Referential Integrity Over Time-Varying Tables
In 1992, the University of Arizona had a big problem. Its data was managed by a suite of Cobol legacy systems, each with its own underlying DBMS or file structure. The Personnel Operating System (PSOSs), using the Transact DBMS, managed (and continue to manage) personnel records. A financial records system (FRS) using IDMS manages financial records, including purchasing, reorders, property management, fixed assets, and the ledger. Yet another system contains student records-the student information system (SIS), which uses VSAM. To obtain information from a specific system, you would ask someone in the Center for Computing and Information Technology (CCIT) who was familiar with that system to write a report program, a process that often took several weeks. Getting an integrated report across two or more of these databases was exceedingly difficult. About the only positive thing that you could say about this situation was that it guaranteed job security for CCIT personnel.
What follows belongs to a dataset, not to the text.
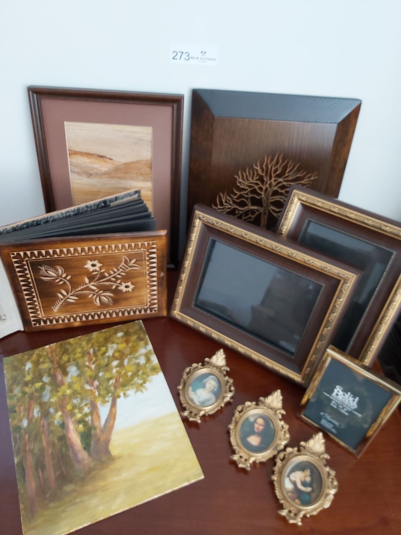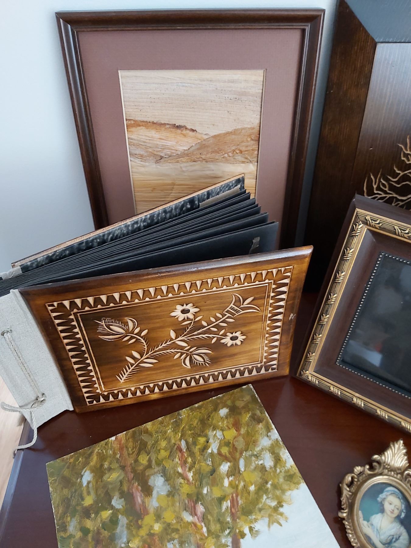 Assorted Picture Frames, Wooden Carved Picture & Wooden Cover Photo Album

Cheryl Bach, an impassioned and imaginative seven-year veteran, had a better idea. She proposed that CCIT create a data warehouse in a relational DBMS, gathering cleansed and regularized information from all these systems into a single, consistent database. Cheryl, working with Htay Lay and later with Chris Janton, eventually defined some 300 tables comprising the integrated university information system (UIS). In day-to-day operations, some tables were copied over daily from the legacy systems; others were added each pay period, each month, or even each 12 months (for those tables summarizing the fiscal year).
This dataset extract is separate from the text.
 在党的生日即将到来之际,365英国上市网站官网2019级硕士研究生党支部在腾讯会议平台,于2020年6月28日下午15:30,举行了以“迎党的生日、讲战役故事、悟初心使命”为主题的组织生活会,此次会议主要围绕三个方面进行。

Merging the data from each system into UIS required many technical decisions because the data generally wasn't stored in tabular format in the legacy systems. We will examine two UIS tables, the INCUMBENTS table and the POSITIONS table. The INCUMBENTS table contains 12 columns; the POSITIONS table contains 16 columns. Here we focus on the following columns:
INCUMBENTS (SSN, PCN) POSITIONS (PCN, JOB_TITLE_CODE1)
Each row of the first table provides information on a job assignment (identified by the position control number, or PCN, for a current employee), and each row of the third table describes a particular position (which can be associated with multiple job titles). The primary key of INCUMBENTS is (SSN, PCN), and the primary key of POSITIONS is PCN. INCUMBENTS.PCN is a foreign key to POSITIONS.PCN, which is the concern of this column.
Cheryl appended two columns to the INCUMBENTS table. The first column indicates when the information in the row became valid (that is, when the employee was assigned to that position). The second column indicates when the information was no longer valid (that is, when the employee was assigned to another position or left the University).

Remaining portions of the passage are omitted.